4

The xgboost package enables survival modeling using parameter arguments: objective = "survival:cox" and eval_metric = "cox-nloglik".

The predict method for the resulting model only outputs risk scores (same as type = "risk" in the survival::coxph function in r).

How do I use xgboost to predict entire survival curves?

Iyar Lin
  • 749
  • 4
  • 17

2 Answers2

10

The proportional hazard model assumes hazard rates of the form: $h(t|X) = h_0(t) \cdot risk(X)$ where usually $risk(X) = exp(X\beta)$. The xgboost predict method returns $risk(X)$ only. What we can do is use the survival::basehaz function to find $h_0(t)$.

Problem is it's not "calibrated" to the actual baseline hazard rate computed in xgboost. What we can do is find some constant $C$ that minimizes the ibrier score between the sample observed death/censorship times and $h_0(t) \cdot risk(X) \cdot C$.

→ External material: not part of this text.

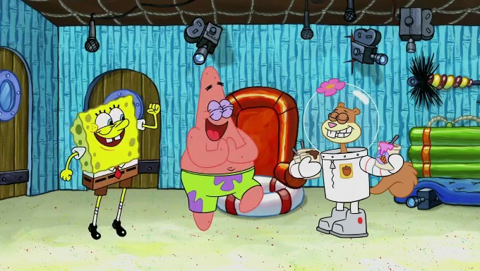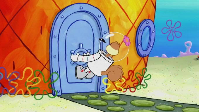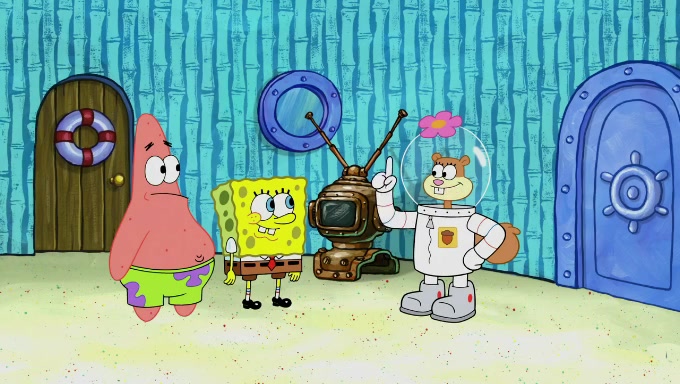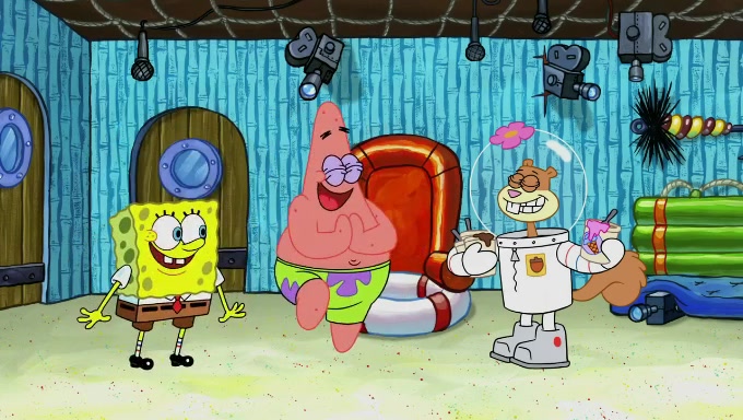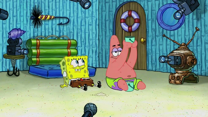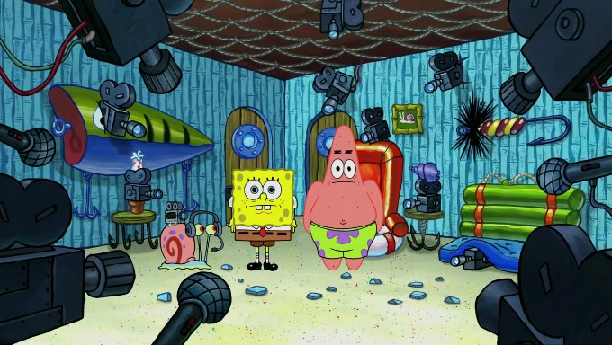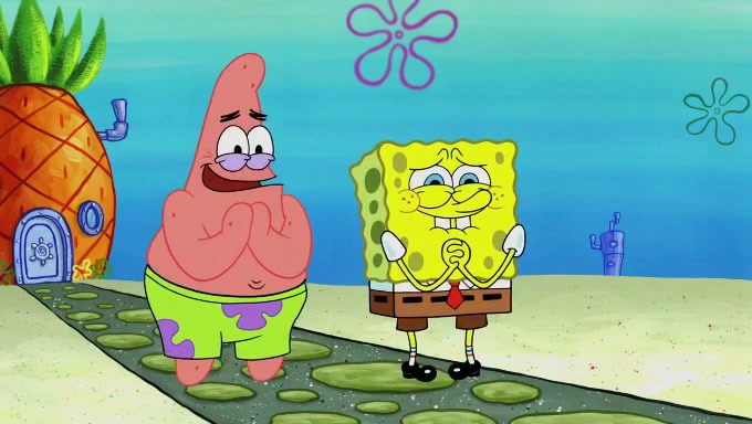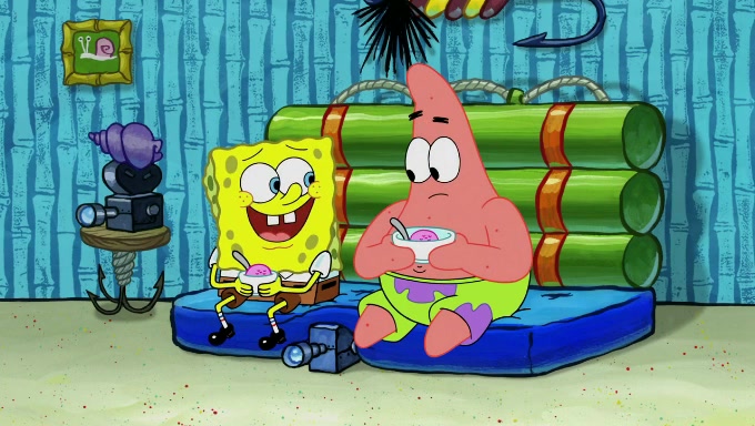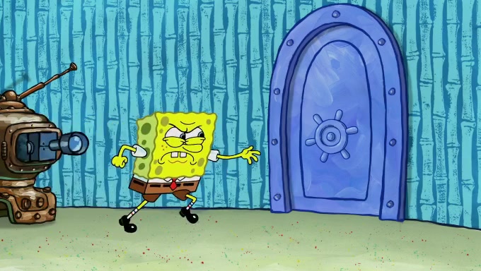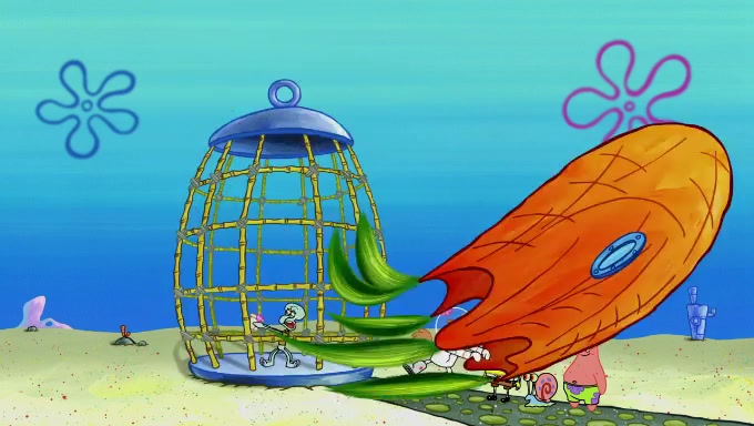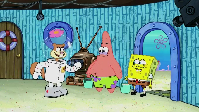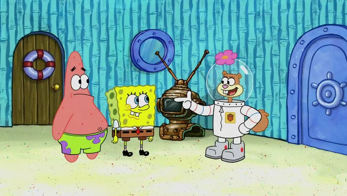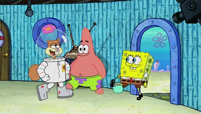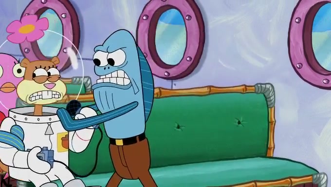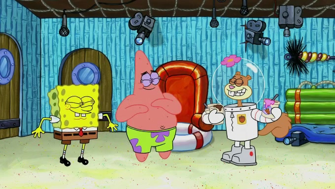 Sandy then realizes Patrick is taking advantage of his privileges and taking advantage of SpongeBob due to his power of being in charge. SpongeBob angrily fights back, with Gary telling Sandy that the situation is bad. She runs towards the door and asks them to open it, but they have a fight about who opens it for her and she is forced to break the door down. Still wearing the mustache, Patrick believes that she is a real ice cream lady and asks her to tell SpongeBob to open the door. She then reveals herself to Patrick, shocking him. Sandy reveals her experiment towards SpongeBob and Patrick. She shows them the cameras and microphones which leads to their affected behavior again, with SpongeBob upset that Gary was in on it too. Upon hearing this, Patrick realized that he got carried away with being in charge and apologized to SpongeBob for his selfish behavior with him saying that he deserved a Z-. SpongeBob tells him not to be so hard on himself as it was the experiment's fault, causing Patrick to blame science. Sandy tells them that they all get an A+ and ice cream. The episode wraps up to Squidward who is begging for a drop of the ice cream which Sandy, SpongeBob, Patrick, and Gary all ate, and they end up observing Squidward's desire for the ice cream in the house, now revealed to be a cage.

I've implemented this approach in a tiny R package I've written.

Iyar Lin
  • 749
  • 4
  • 17
  • How to calculate C-index in this setting? Can your package accomplish this? Thanks! – Tommy Mar 31 '22 at 14:07
  • My package does not include that functionality. I would recommend using either the `pec` or `riskRegression` packages – Iyar Lin Apr 01 '22 at 17:34
  • How do censorship times contribute to the ibrier score? – 42- Jun 27 '22 at 22:46
  • Not sure I understand the question. The ibrier score is a function of the estimated and observed survival functions, in which censorship times also take a role. – Iyar Lin Jun 29 '22 at 10:13
1

The solution to use survival::basehaz() with a coxph model and estimate a constant C, as implemented by survXgboost should be used with caution. When you have binary predictors, coxph coefficients explode, leading to really overestimated baseline hazard, the constant C will not do much and the performance of xgboost will look much worse than what it really is.

The gbm package has a function gbm::basehaz which skips the model, avoiding the compatibility problem that you have in survival::basehaz(), and uses the predict() results to estimate the baseline hazard. It is more reliable and the (cumulative) baseline hazard is as expected.

maribuon
  • 11
  • 3